By Gayatri Suroyo and Fransiska Nangoy
JAKARTA (Reuters) -Indonesia’s central bank announced on Thursday a surprise 300 basis points of staggered hikes in the reserve requirement ratio (RRR) for banks over the next eight months, in one of its first concrete signs of monetary tightening.
At its first policy meeting of the year, Bank Indonesia (BI) kept its benchmark 7-day reverse repurchase rate steady at 3.50%, as expected in a Reuters poll. It also left two other main policy rates unchanged.]
But in a sign that BI has a keen eye on the U.S. Federal Reserve’s anticipated tightening and potential jolts to Indonesian financial markets, Governor Perry Warjiyo announced three RRR hikes, starting with 150 basis points in March, 100 bps from June and another 50 bps from September to contain liquidity.
“For the time being our focus is on maintaining stability amid normalisation by the Fed, while at the same time supporting the economic recovery,” he said in an online news conference.

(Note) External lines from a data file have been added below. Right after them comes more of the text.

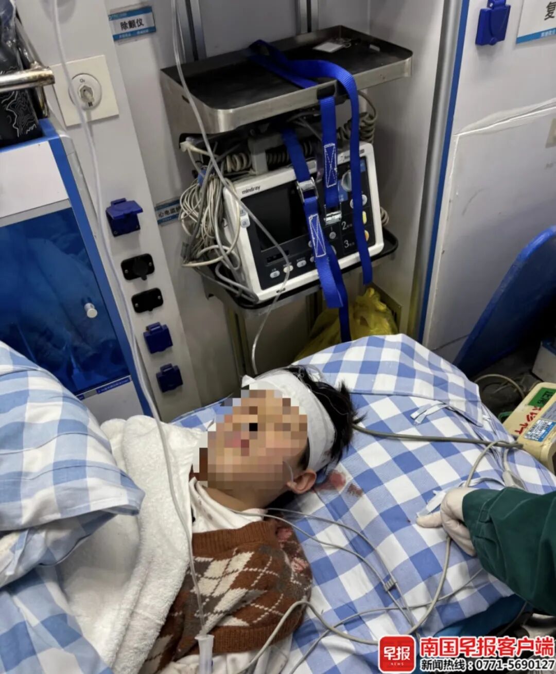 ▲男孩正在接收救治。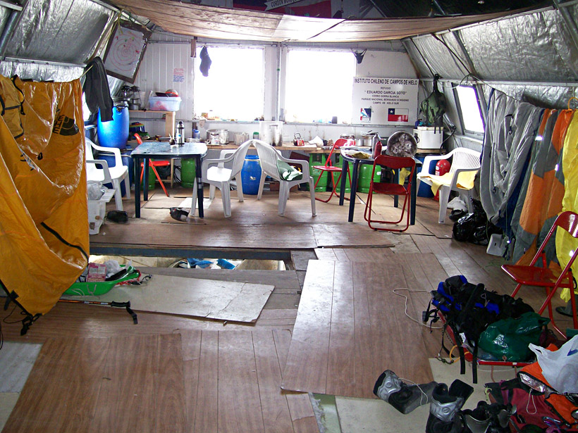 Interior del Refugio García Soto, Hielos Continentales. Expedición al Volcán Lautaro. Foto: Guillermo Martin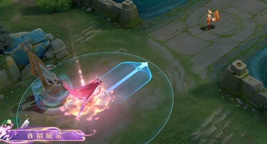 云缨神骥越千峰以西南丝绸之路上的蜀道为灵感,提取翼马纹、太阳纹及蜀葵、蜀锦等风物元素打造视觉语言。技能特效中普通攻击枪舞流光蜀葵飞散,一技能神骥扬蹄踏花,二技能蓄力步步生花,三技能驭神骥冲刺开出山间通途。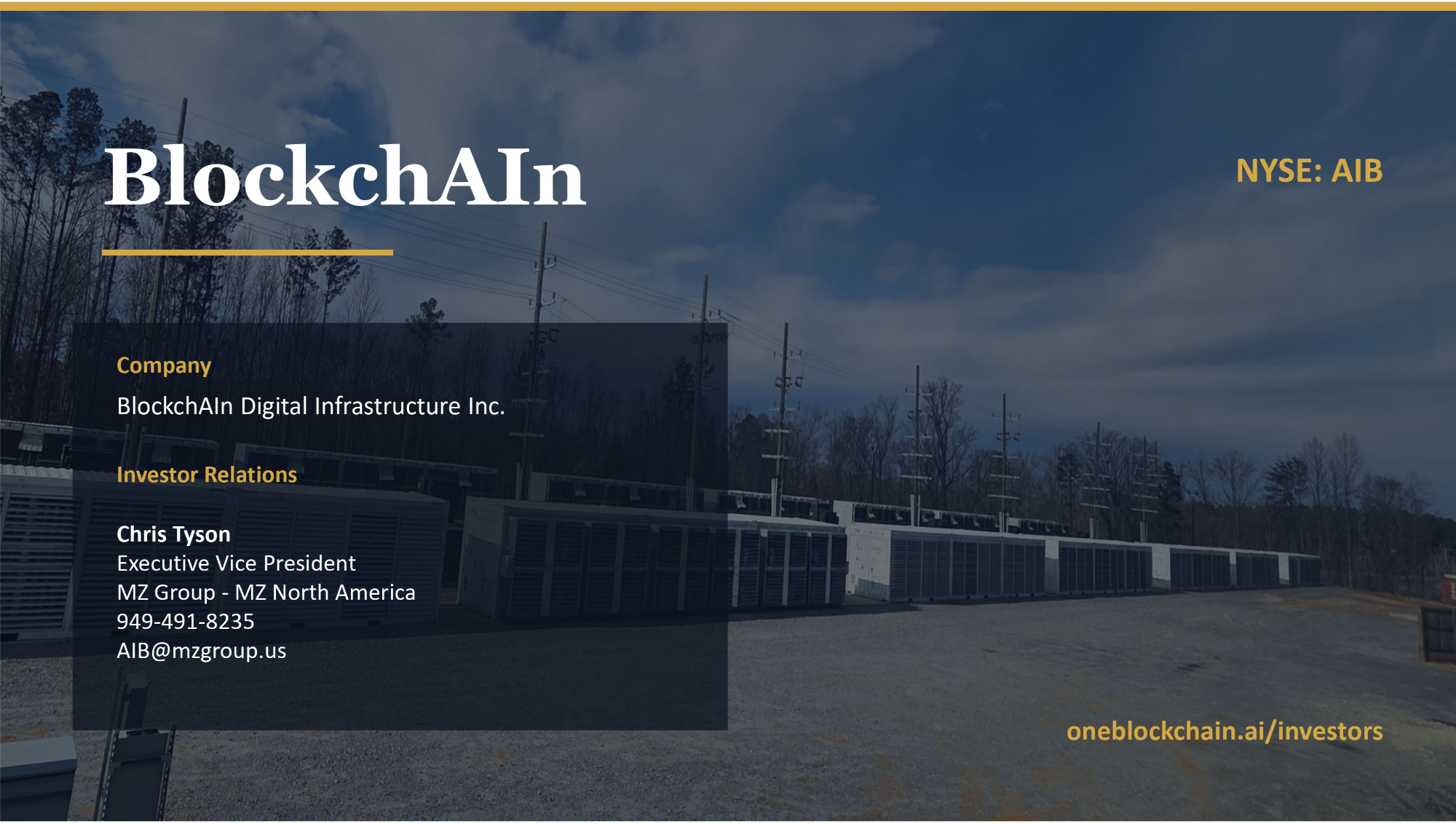 BlockchAIn Company BlockchAIn Digital Infrastructure Inc. Investor Relations Chris Tyson Executive Vice President MZ Group - MZ North America 949 - 491 - 8235 AIB@mzgroup.us oneblockchain.ai/investors NYSE: AIB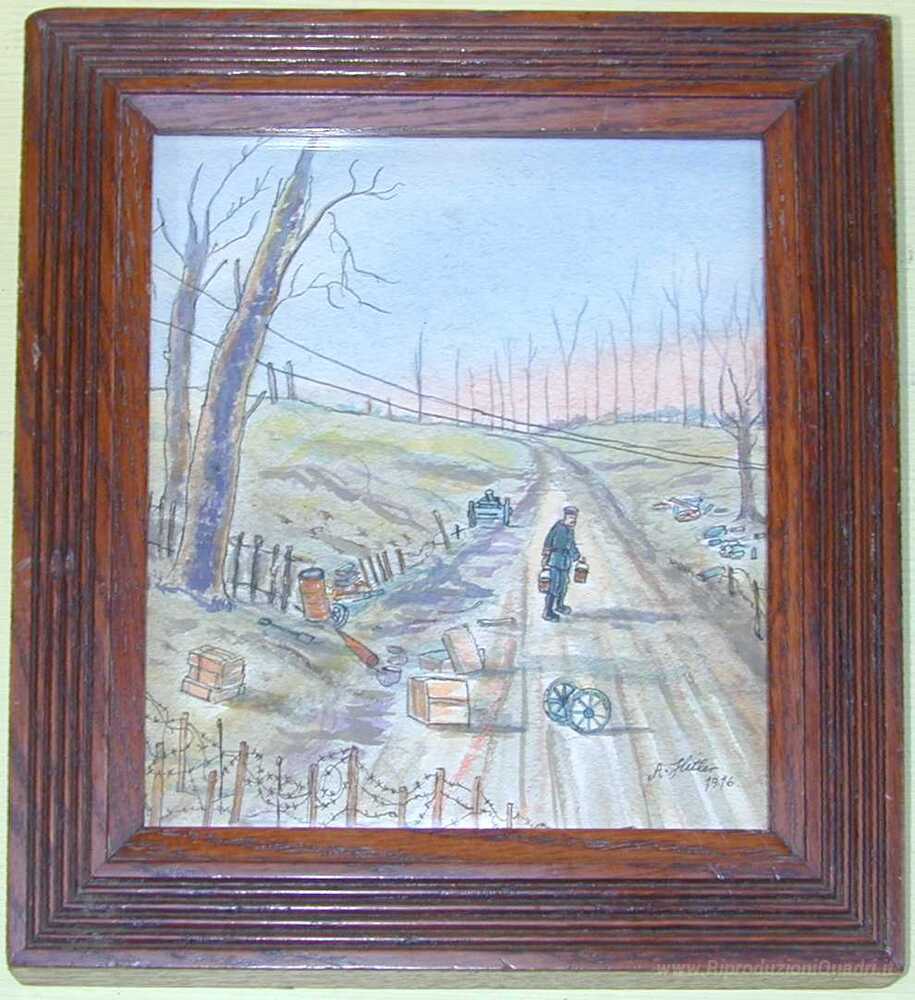 Ti offriamo una riproduzione artigianale su tela dell'opera famosa 'Road to Terra di Nessuno' di Adolf Hitler, dal Museo delle Riproduzioni.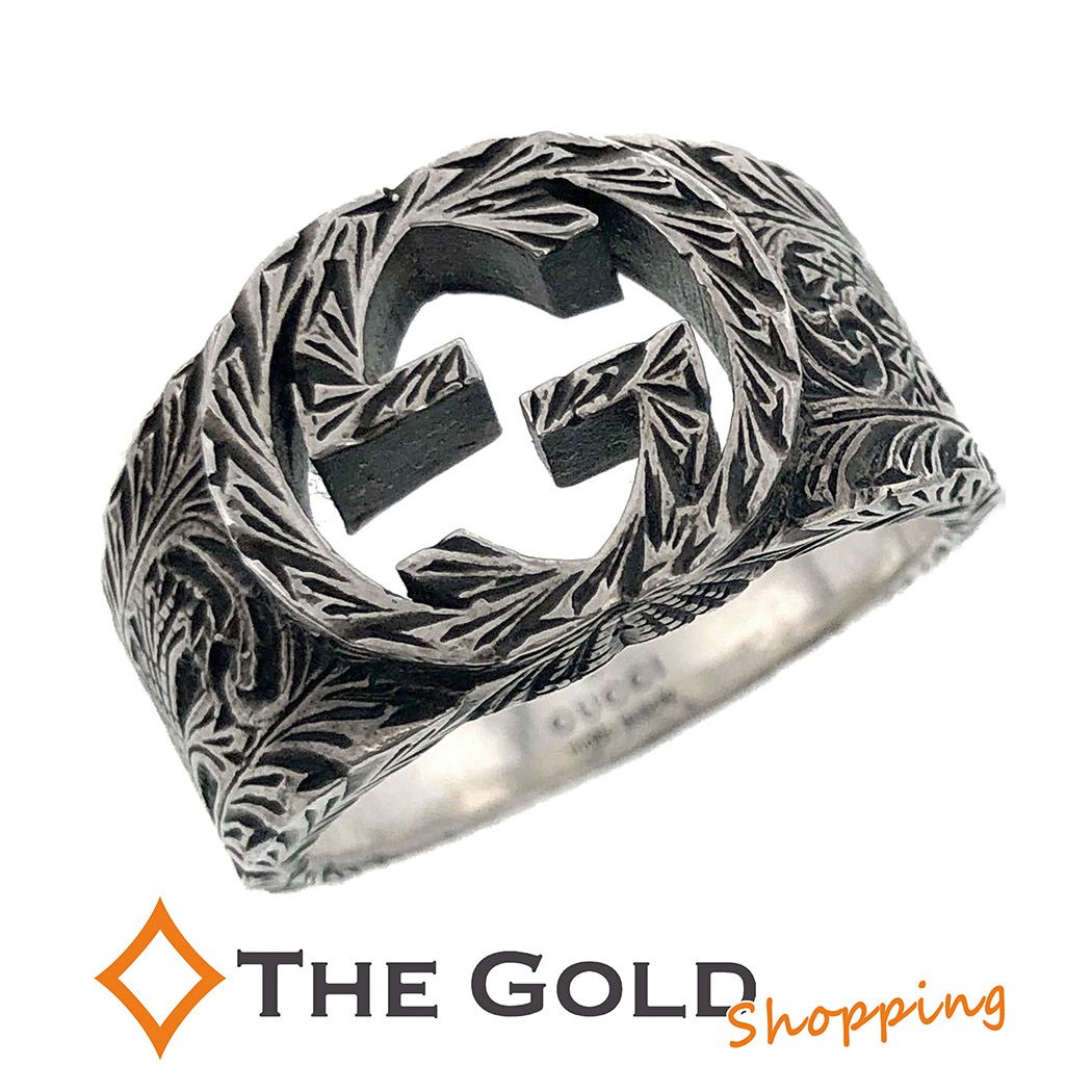 - グッチ インターロッキングG リング 455302 #25 Ag925 SV925 スターリングシルバー 銀 エングレービング GUCCI ジュエリー アクセサリー 指輪 【中古】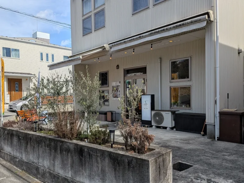真っ白な壁が印象的な、シンプルで洗練された佇まいです。入り口付近にはお店の看板が控えめに掲げられており、隠れ家的な雰囲気が漂っています。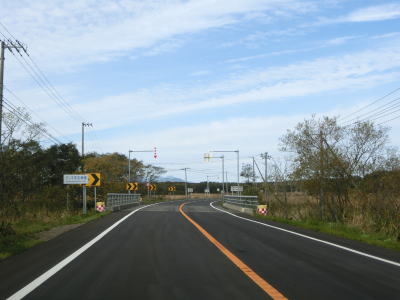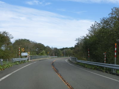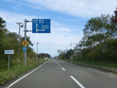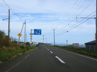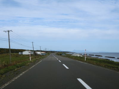 | 緩やかな左カーブで北海道r929交差点を通過して床丹橋を渡って右にカーブする。床丹橋からは沿線の集落が途切れてしまうが、道路状況に変化はない。海に沿ったアップダウンのある2車線道路を快走する。海の向こうに陸地が見えるが、国後島と思われる。 | ||

In total, BI will absorb about 200 trillion rupiah ($13.95 billion) of liquidity with the RRR moves, Warjiyo said, but he assured that banks will still have enough for lending and buying government bonds.
Warjiyo later told a call with investors that liquidity will remain larger than pre-pandemic levels after the hikes, and no significant impact to money market rates is expected.
Since 2020, BI had cut interest rates by 150 bps and injected a total of 874.4 trillion rupiah ($61 billion) to cushion the economic fallout from the COVID-19 pandemic. BI said its quantitative easing was among the biggest in emerging markets.
On interest rate policy, Warjiyo said BI will start to consider a hike once it sees inflationary pressures, adding that he is confident inflation will be within its 2% to 4% target this year.
While BI will continue to take measures to ensure the stability of the rupiah and bond yields, some flexibility will be needed, the governor said.
The policy mix was decided assuming the Fed will raise rates four times this year starting in March, he said.
BI has had to adjust its policy in the past when the Fed tightened because the rupiah was among Asia’s most risk sensitive currencies.
“To us, the drumbeat of the Fed’s hawkishness has become so loud of late that BI can no longer ignore it and retain a low-rates-for-longer stance domestically,” Wellian Wiranto, economist at OCBC said, adding he expects a rate hike on the tail of the Fed’s likely March lift-off.
Previously, analysts polled by Reuters had not expected BI rate hikes to begin until the third quarter of this year.
Analysts have said Indonesia would fare better this time compared with previous U.S. tightening cycles as Southeast Asia’s largest economy benefits from a global commodity boom, which has kept the currency relatively stable and improved the country’s balance of payments.
On the domestic front, BI maintained all economic assumptions, including 2021 GDP growth of between 3.2% to 4.0% and 2022 growth at 4.7% to 5.5%, saying that main indicators have continued to improve.
Indonesia’s economic recovery was disrupted by an outbreak of the Delta variant in July-August last year, which slowed growth to 3.51%. Analysts said economic momentum has since picked up, although they noted the Omicron variant outbreak presents a new risk.